Below this line are records; transcribe exactly the lines between the one holding "Três lírios de" and the one holding "4月28日,永利yl2341", inclusive, and omit the pictures.

#### TASK INPUT

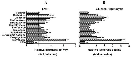 A luciferase reporter assay was performed to screen the regulators for the chicken Abcg2 promoter from the commonly used drugs licensed in veterinary medicine, including clotrimazole, enrofloxacin, ciprofloxacin, florfenicol, tilmicosin, sulfadiazine, cefuroxime sodium, doxycycline, and ivermectin, as well as the natural compounds berberine and daidzein. LPS was also testes. As shown in Figure 4, among the selected drugs and natural compounds, ivermectin was the most effective activator of the chicken Abcg2 gene promotor, causing 3.2- and 4.9-fold inductions in the LMH cells (Figure 4A) and chicken primary hepatocytes (Figure 4B), respectively. For the other drugs, although the Abcg2 promoter was also activated, the luciferase activities were only changed by 1.4–1.6-fold in the LMH cells (Figure 4A) and 1.5–2.6-fold in the chicken primary hepatocytes (Figure 4B). In this study, we failed to observe activation of the Abcg2 promoter by florfenicol and ciprofloxacin. However, LPS significantly decreased (p < 0.01) the luciferase activity levels of the Abcg2 promoter, with the reporter gene constructs being 0.56- and 0.6- fold in the LMH cells and chicken hepatocytes, respectively (Figure 4).
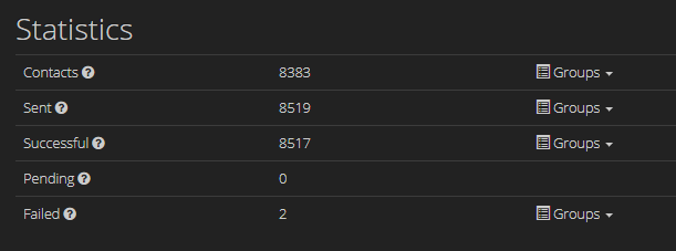 If you want to know who among your contacts are yet to receive your engagement (pending), who already received it (successful), and who were not successfully sent (failed), then this is where the groups dropdown in the reports page will come in handy. From the dropdown, you can add the contacts with a particular status (e.g., Failed) to a group and then view that group from the contacts page.
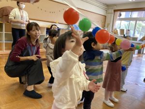 色とりどりのボールの雨に「わー✨」「あめだー!」と大喜びする姿が見られました。最後にはボールをカゴに入れてお片付けもみんなでしました♡
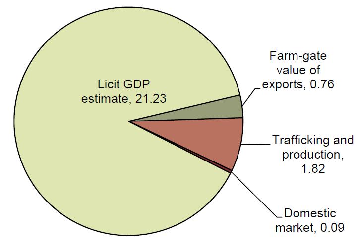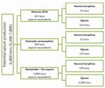 - Despite a decrease of almost 9% from the previous year (to US$ 2.84 billion) in the estimated potential gross value of opiates in Afghanistan, opiates still constituted a sizeable share of Afghanistan's economy in 2014. Accounting for 13% of the country's GDP, the value of opiates considerably exceeded the value of the export of licit goods and services in 2014, while the cultivation and production of Afghan opium actually increased from their 2013 levels. The total area under opium poppy cultivation was estimated at 224,000 hectares, a 7% increase from the previous year, whereas potential opium production was estimated at 6,400 tons, an increase of 17% from its 2013 level (5,500 tons) and the second highest level since 1994. |7|
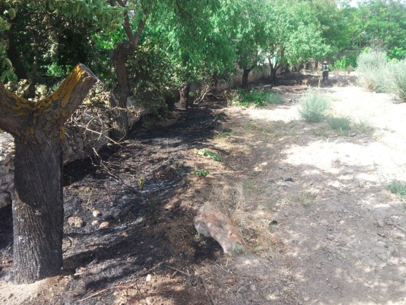 Esta tarde, los bomberos de Baza han extinguido un incendio en un terreno agrícola en el anejo cullarense de Venta Quemada, en una extensión de unos doscientos metros lineales en el huerto de una vivienda que ha afectado a varios almendros.
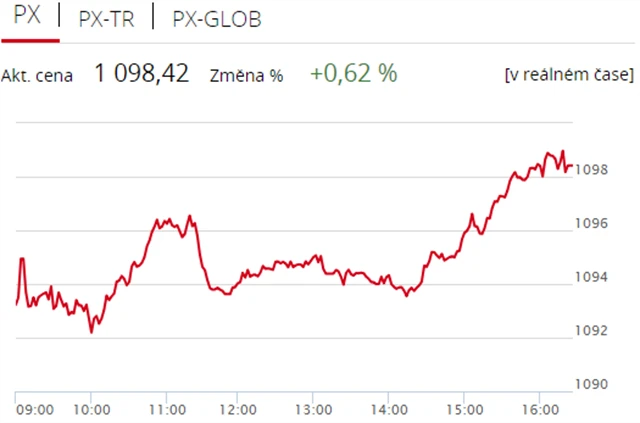 Pražská burza ve středu po dvou ztrátových seancích posílila, index PX stoupl o 0,62 % na 1 098,42 bodu. Jedná se o nejvyšší hodnotu od konce května. Nahoru burzu táhly zejména akcie Erste Group Bank a Komerční banky, nedařilo se naopak energetické skupině ČEZ. Objem obchodů byl s 547 miliony korun průměrný. (19. 9. 2018)
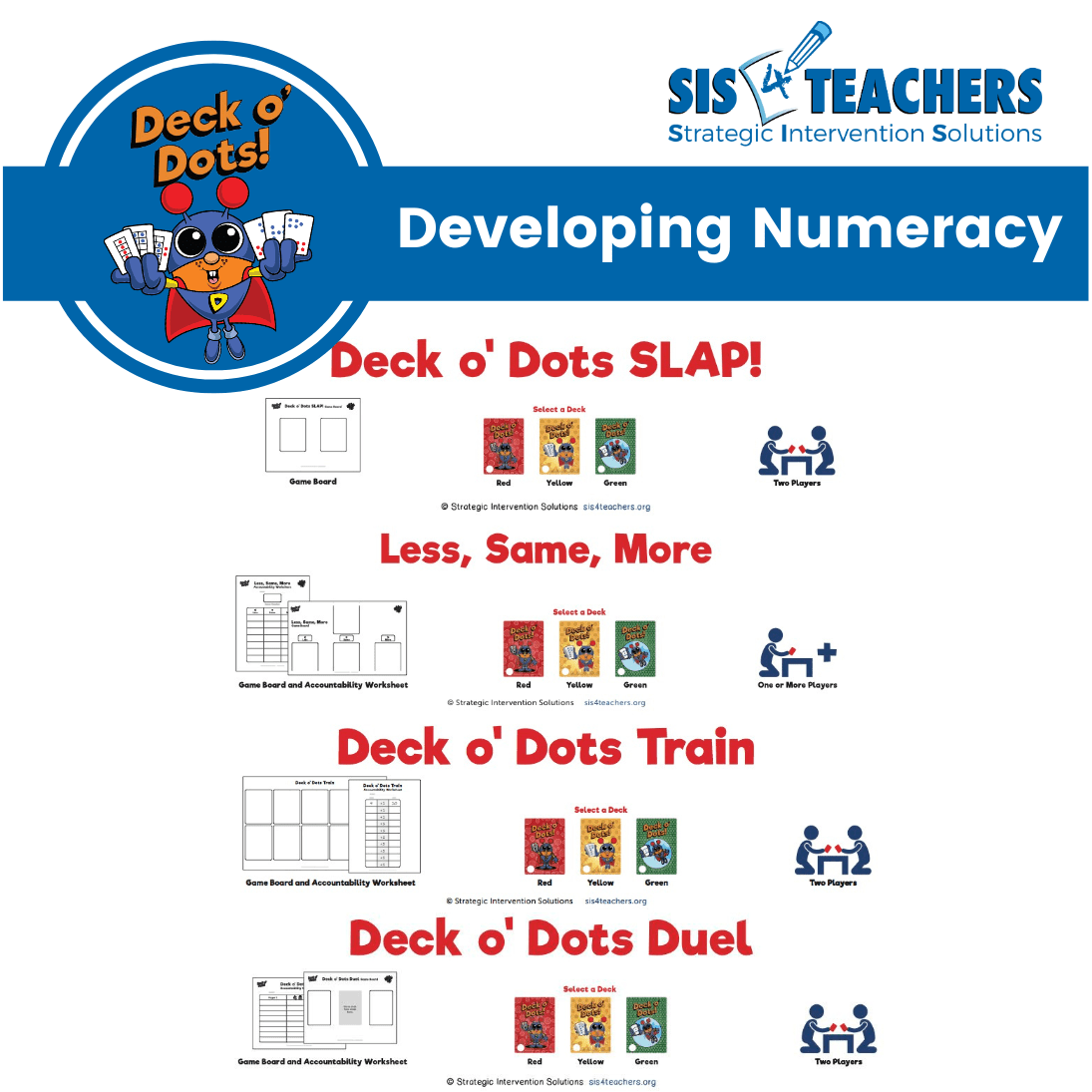 Three decks in one, Deck o’ Dots makes it easy to specifically support students’ numeracy development on all levels.
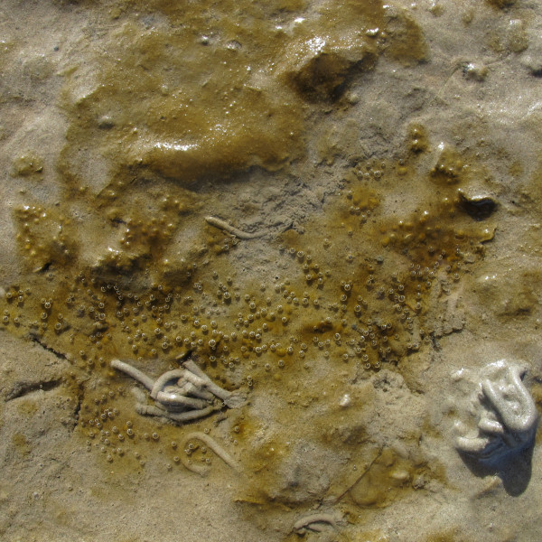 Weiche, teils glasige Krusten, oft mit Lochmuster
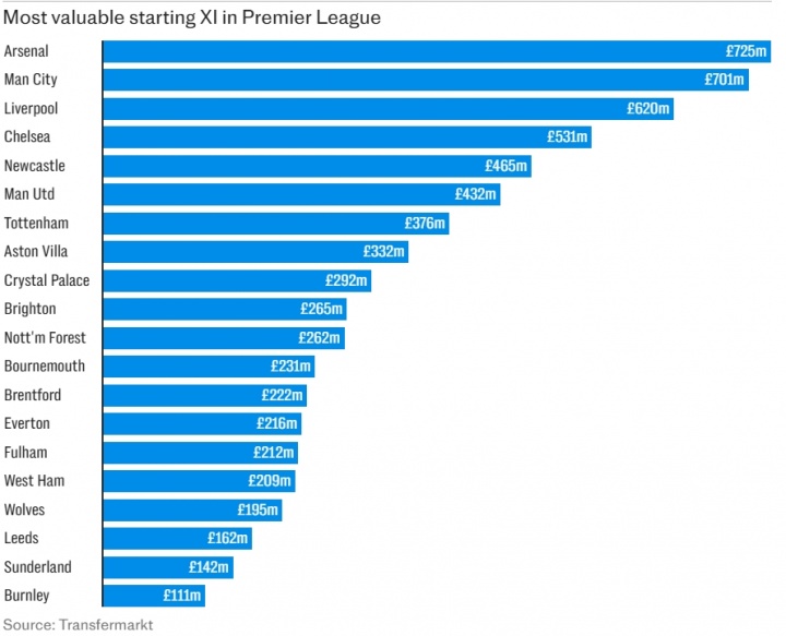 英超各队首发身价(单元:英镑)
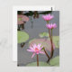 Três lírios de água graciosos encontrados em um lago secreto. Personalize este cartão postal para uma ocasião especial, como chá de panela, festa de aniversário, festa de aniversário ou anúncio. Corresponder a outros produtos da Galeria de Luz em Movimento.
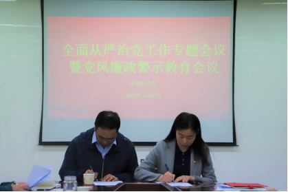 4月28日,永利yl23411集团全面从严治党工作暨党风廉政警示教育会议于务本楼W201会议室召开,公司党政领导、各行政职能科室、教研室、实验中心负责人、党支部书记、全体辅导员参加。会议由公司党委副书记孟立科主持。
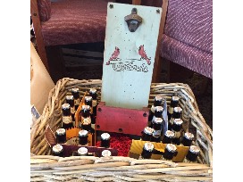 While you are playing, and proudly displaying your ICD Spirit, enjoy a nice cold Sclafly's beer, from the (4) six packs that are included and stocked in a rustic woven basket! Don't forget to hang your new, retro, St. Louis Cardinals hand-made wooden wall hanging, that just so happens to double as a bottle opener!
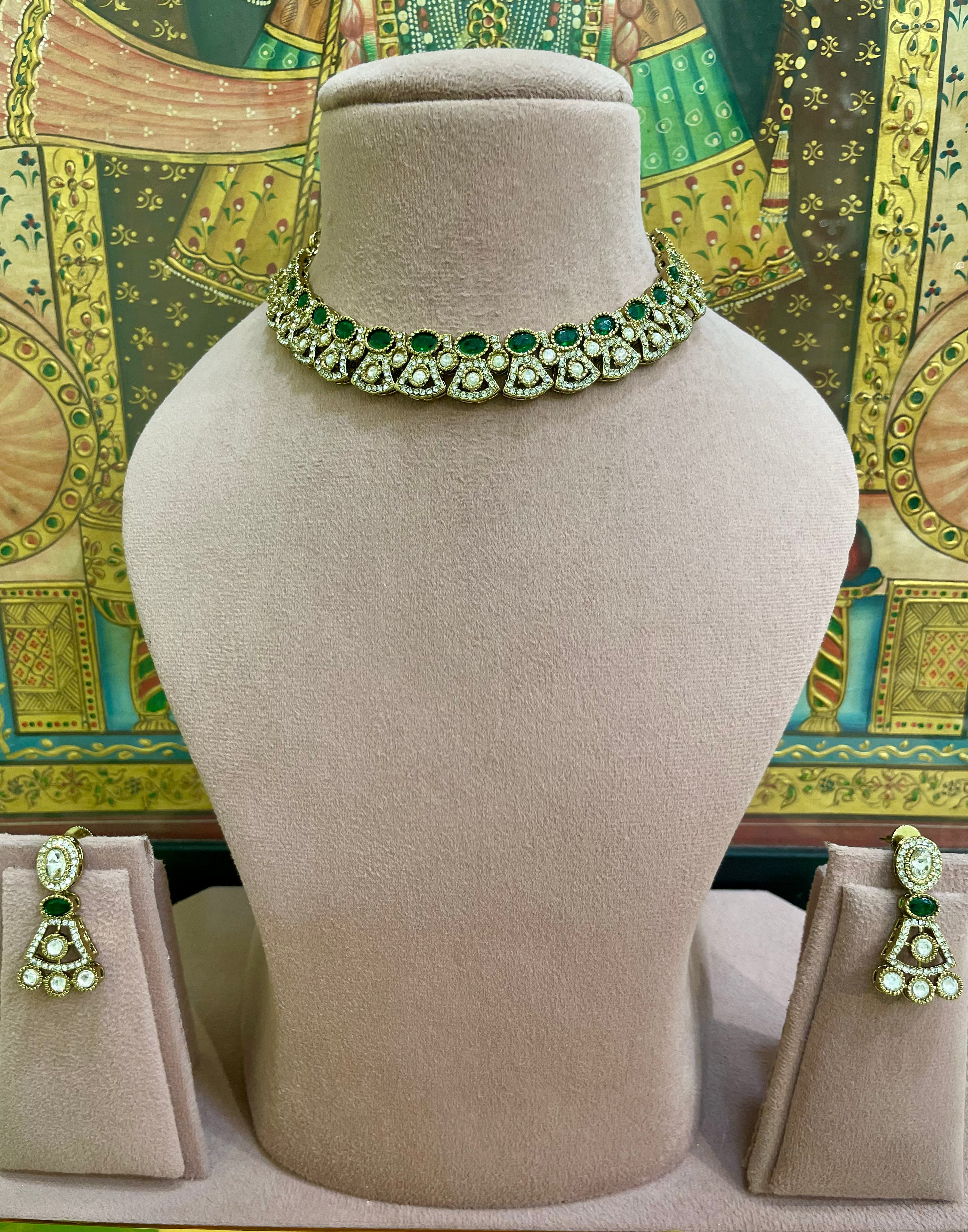 GREEN TRADITIONAL POLKI SLEEK NECKLACE SET
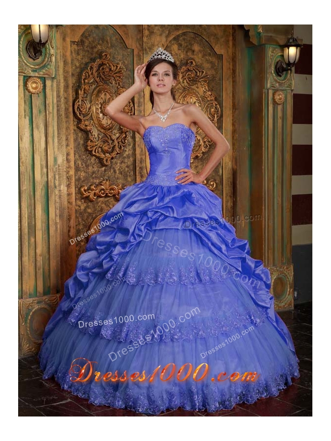 A pretty quinceanera gown features with a sweetheart neckline skirt and a ruffled skirt,the dress looks gorgeous and elegant. The bodice defined with beads achieve a fine look. The gown includes the out layer of ruffled taffeta and inner layers of tulle, the tulle layers own a lace edge add it's beauty.A lace up corset style closure in the back secures the dress in place.A stunning dress for those occasions when you really want to 'wow' the crowd.
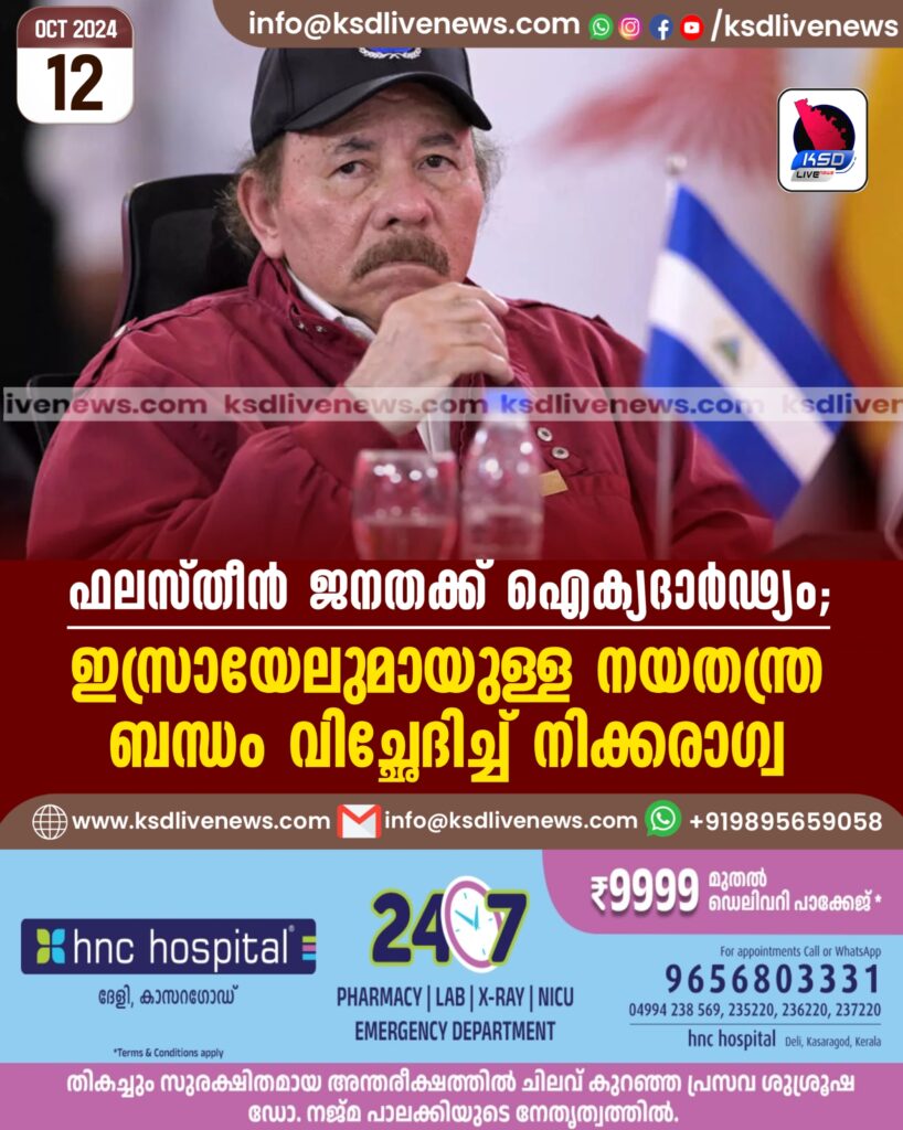 തെൽഅവീവ്: ഫലസ്തീൻ ജനതക്ക് ഐക്യദാർഢ്യം പ്രഖ്യാപിച്ച് ഇസ്രായേലുമായുള്ള നയതന്ത്ര ബന്ധം വിച്ഛേദിച്ച് നിക്കരാഗ്വ. ദേശീയ അസംബ്ലിയുടെ ഏകകണ്ഠമായ തീരുമാനത്തിന് ശേഷം ഇസ്രായേലുമായുള്ള എല്ലാ നയതന്ത്ര ബന്ധങ്ങളും വിച്ഛേദിച്ചതായി നിക്കരാഗ്വ സർക്കാർ അറിയിച്ചു.
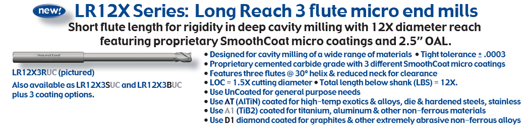 LR12X3RUC .1245 Ø .187 x 2-1/2 x 1/8 3 Flute .010 Radius 1.500 Lbs Long Reach Carbide Micro End Mill
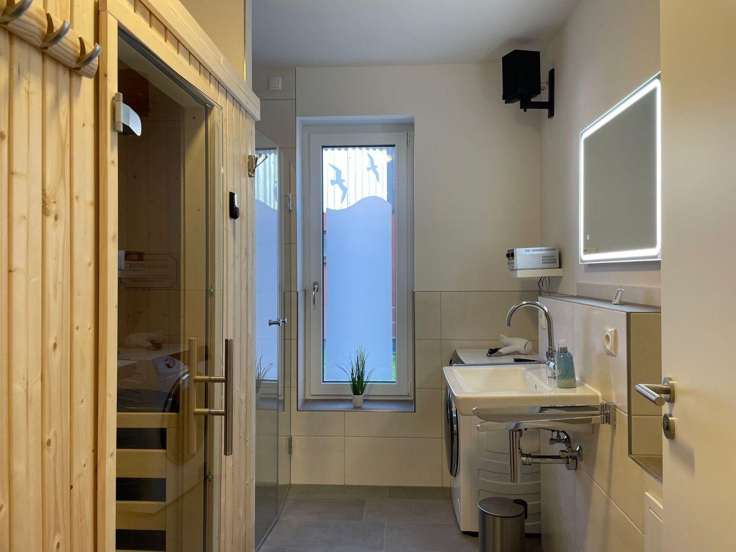 - ein geräumiges Bad mit Fenster, finnischer Sauna bodentiefer Dusche mit Bonanza - Tür
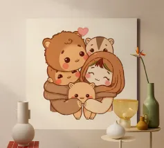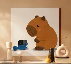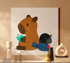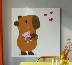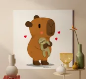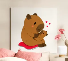 Very cute and sweet design of capybara hugging a sloth plushie toy
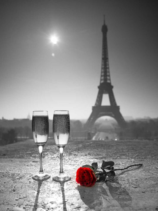 Champagne glasses with red rose next to the Eiffel tower White Modern Wood Framed Art Print with Double Matting by Frank, Assaf
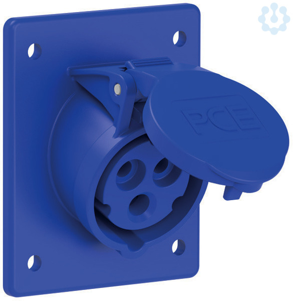 CEE-Anbausteckdose schräg (80x97mm) 16A 3p 6h IP44/IP54; Gehäusematerial: PA6; Nennstrom: 16A; Polzahl: 3 (2P+PE); Uhrzeit-Stellung: 6h; Nennspannung/Frequenz: 200-250V~ / 50+60Hz; Kontakte: Messing; Anschlusstechnik: Schraubklemmen; Abmessungen (Flansch/Bohrung): 80x97 mm / 60x73 mm; Schutzart: IP44/IP54

########

*RESPONSE TO THE EXERCISE*.
 Três lírios de água graciosos encontrados em um lago secreto. Personalize este cartão postal para uma ocasião especial, como chá de panela, festa de aniversário, festa de aniversário ou anúncio. Corresponder a outros produtos da Galeria de Luz em Movimento.
 4月28日,永利yl23411集团全面从严治党工作暨党风廉政警示教育会议于务本楼W201会议室召开,公司党政领导、各行政职能科室、教研室、实验中心负责人、党支部书记、全体辅导员参加。会议由公司党委副书记孟立科主持。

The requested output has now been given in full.